Exercise material:
----
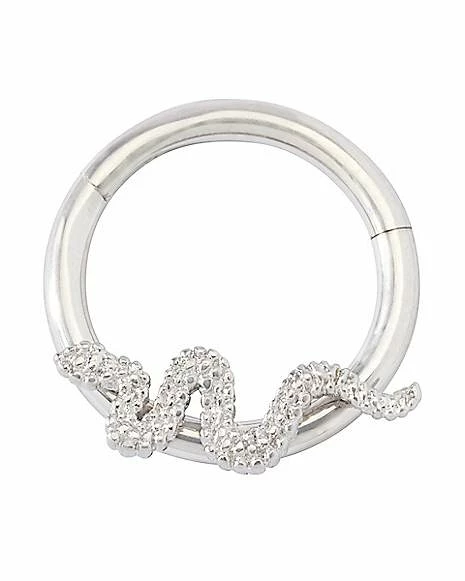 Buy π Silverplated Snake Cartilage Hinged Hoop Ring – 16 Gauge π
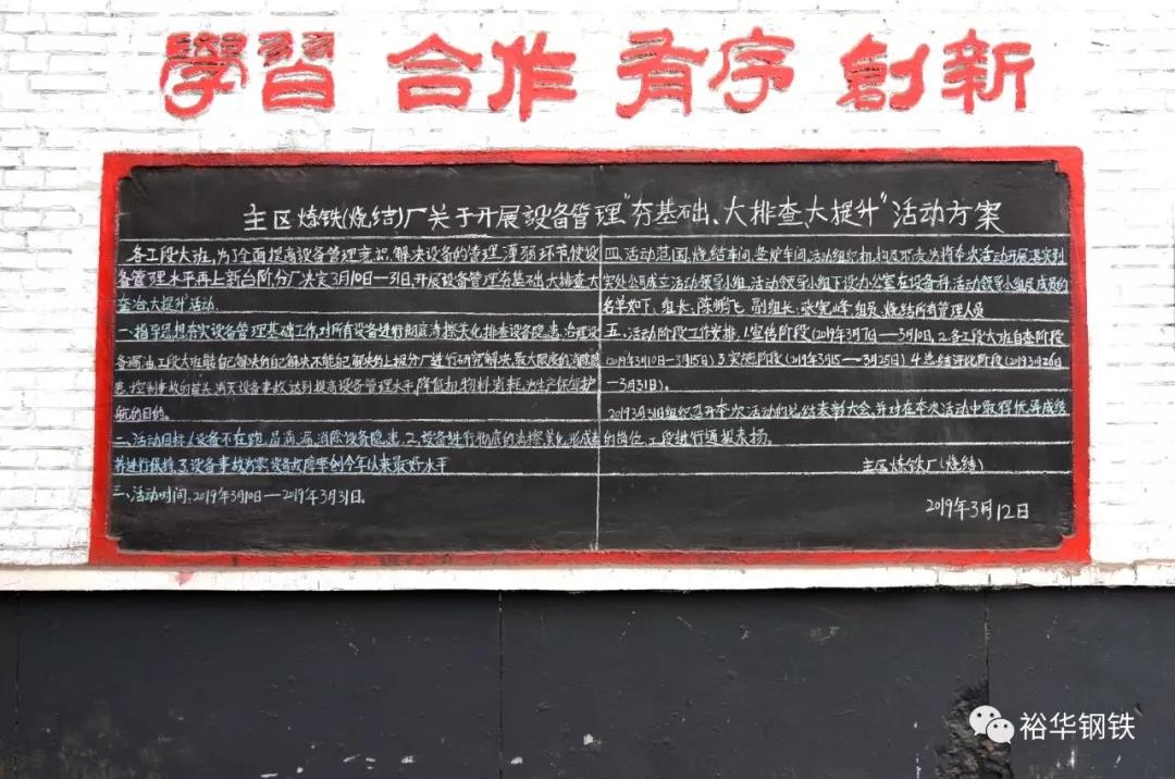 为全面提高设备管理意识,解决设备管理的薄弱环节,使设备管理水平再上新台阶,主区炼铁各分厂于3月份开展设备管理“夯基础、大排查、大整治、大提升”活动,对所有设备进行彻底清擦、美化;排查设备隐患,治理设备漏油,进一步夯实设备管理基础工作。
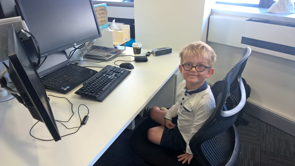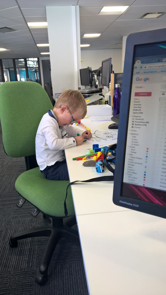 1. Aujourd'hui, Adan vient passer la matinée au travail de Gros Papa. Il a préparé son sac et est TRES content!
----
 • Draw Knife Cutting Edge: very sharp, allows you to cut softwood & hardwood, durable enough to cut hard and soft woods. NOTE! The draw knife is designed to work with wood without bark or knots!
----
Exercise requirements: Using the entries above, repeat exactly the lines from the one with "为全面提高设备管理意识,解决" to the one with "1. Aujourd'hui, Adan", both included, and leave the pictures behind.

Response:
 为全面提高设备管理意识,解决设备管理的薄弱环节,使设备管理水平再上新台阶,主区炼铁各分厂于3月份开展设备管理“夯基础、大排查、大整治、大提升”活动,对所有设备进行彻底清擦、美化;排查设备隐患,治理设备漏油,进一步夯实设备管理基础工作。
 1. Aujourd'hui, Adan vient passer la matinée au travail de Gros Papa. Il a préparé son sac et est TRES content!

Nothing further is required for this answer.